I think I see your problem. You think the problem is: given a known message
M, find a message M' with the same hash. I was attacking the slightly
different (and easier) problem: find two messages M, M' that have the same
hash.
However, your problem can be attacked as well...
>
> 2.) We want to find A' such that H(A')=H(A)
Ok (and A'!=A). BTW: make the length of A' match the length of A
>
> 3.) We also want to find B' such that H(B') = H(B)
Unless we set B=B', which takes only O(1) effort.
Then, the hash of the original message is:
Output = h(A) & h(B)
And the hash of the new message is:
Output' = h(A') & h(B')
h(A)=h(A'), because we found A' with that property.
h(B)=h(B') because B=B'
And so the two hashes are identical, with you having to break MD5 only once.

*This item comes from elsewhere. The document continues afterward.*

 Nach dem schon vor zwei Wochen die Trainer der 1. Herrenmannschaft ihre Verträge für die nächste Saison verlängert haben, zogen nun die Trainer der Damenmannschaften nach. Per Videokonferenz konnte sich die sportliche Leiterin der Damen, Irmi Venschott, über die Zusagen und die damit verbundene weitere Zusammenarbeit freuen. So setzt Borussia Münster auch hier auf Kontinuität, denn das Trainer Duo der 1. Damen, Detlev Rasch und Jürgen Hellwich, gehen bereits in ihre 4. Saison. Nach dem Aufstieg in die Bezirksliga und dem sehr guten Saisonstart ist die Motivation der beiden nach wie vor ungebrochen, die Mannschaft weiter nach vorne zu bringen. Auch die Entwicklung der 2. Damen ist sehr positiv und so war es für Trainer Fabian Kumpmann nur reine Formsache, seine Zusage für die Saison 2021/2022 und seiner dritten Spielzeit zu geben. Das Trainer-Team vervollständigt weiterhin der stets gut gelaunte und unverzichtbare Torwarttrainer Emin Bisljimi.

BTW: I was under the impression that the strength of MD5 against this sort
of attack, finding a second message that had the same hash as a given one,
was believed to be O(2^128), as the birthday paradox does not apply.

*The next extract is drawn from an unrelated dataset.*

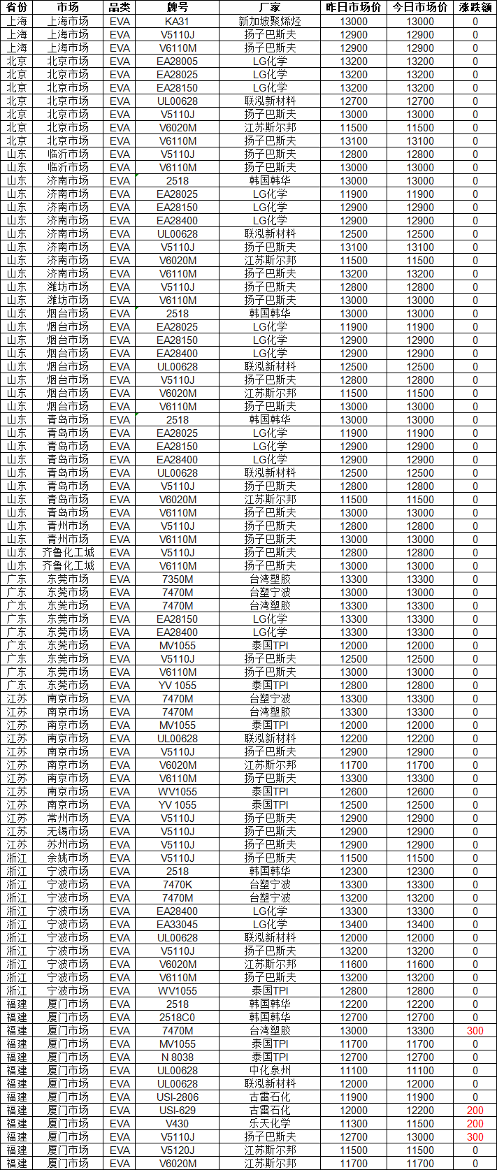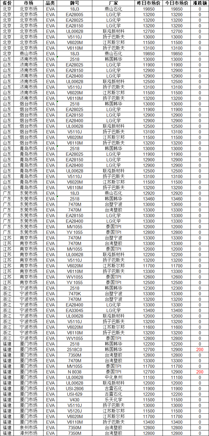 Today's EVA Market Brief: According to the Zhusu World statistics, as of 4:00 PM on March 19, the EVA market in various regions across the country has been stable with a slight increase! 97% of the market quotes remain stable, with the highest increa

However, your strategy of double hashing does not make it any stronger.
--
poncho
------------------------------
From: "Scott Fluhrer" <[EMAIL PROTECTED]>
Subject: Re: MD5 Expansion
Date: Fri, 23 Jun 2000 09:27:03 -0700
Mark Wooding <[EMAIL PROTECTED]> wrote in message
news:[EMAIL PROTECTED]...
> David Hopwood <[EMAIL PROTECTED]> wrote:
>
> >
> > Simon Johnson wrote:
> > >
> > > A much better way is to divide the message in two. Then hash
> > > each part individually and contatenate each hash.
> > >
> > > a = 1/2 of M
> > > b = other 1/2 of M
> > > Hash output = H(a) & H(B)
> >
> > No, this is a disastrous idea, because one half of the message can be
> > held constant in a collision attack. That means it is only as collision-
> > resistant as H.
> >
> > The modification with bytes of the message interleaved also doesn't
work,
> > because odd or even-numbered bytes can still be held constant.
>
> Indeed. Some more complicated mixing needs to be done. Let H be a hash
> function, and let K be a cipher. Let M = (a, b) be a message split into
> two halves (it doesn't really matter how). Compute:
>
> a' = E_{H(b)}(a)
> b' = E_{H(a)}(b)
>
> Then let the extended hash be
>
> H'(M) = H(a', b') || H(b', a')
>
> Any analysis? (Yes, it's much slower than just hashing the data twice.)
Find two messages x, y such that:
E_{H(x)}(x) = E_{H(y)}(y)
The birthday paradox should apply here. Then,
H'(x,x) = H'(y,y)
--
poncho
------------------------------
From: [EMAIL PROTECTED] (Mark Wooding)
Subject: Re: Variability of chaining modes of block ciphers
Date: 23 Jun 2000 16:51:16 GMT
Mok-Kong Shen <[EMAIL PROTECTED]> wrote:
> Let me reiterate my points:
If you like. I'd like to see an answer to mine at some point, though.
I've snipped and reformatted your text here.
> 1. I showed that there are more than one chanining modes [...]
True and accepted.
> But if someone claims that CBC is the only best mode, then I do
> like to hear his supporting arguments.
Just to point out, my suggestion has been to keep life simple by just
choosing a single chaining mode in your protocol (or choosing it at the
same time as your cipher, if your protocol does that), rather than
fiddling about with loads of different modes.
I've mentioned my preference for CBC with stealing, which is based
primarily on the observation that it's `good enough' to avoid block
substitution attacks, and that the security should rest in the cipher
rather than the chaining mode. I'm much more interested that
implementators should just choose one mode they're happy with than
fiddle with all sorts of extra modes.
> 3. I argued that, even though exploitation of the variability in
> question amounts only to a couple of bits of increase of key
> space, it does have a good sense to do that in many situations,
> because
> switching to an algorithm that has greater key size, [...] may not
> be a viable option in certain environments, due to e.g.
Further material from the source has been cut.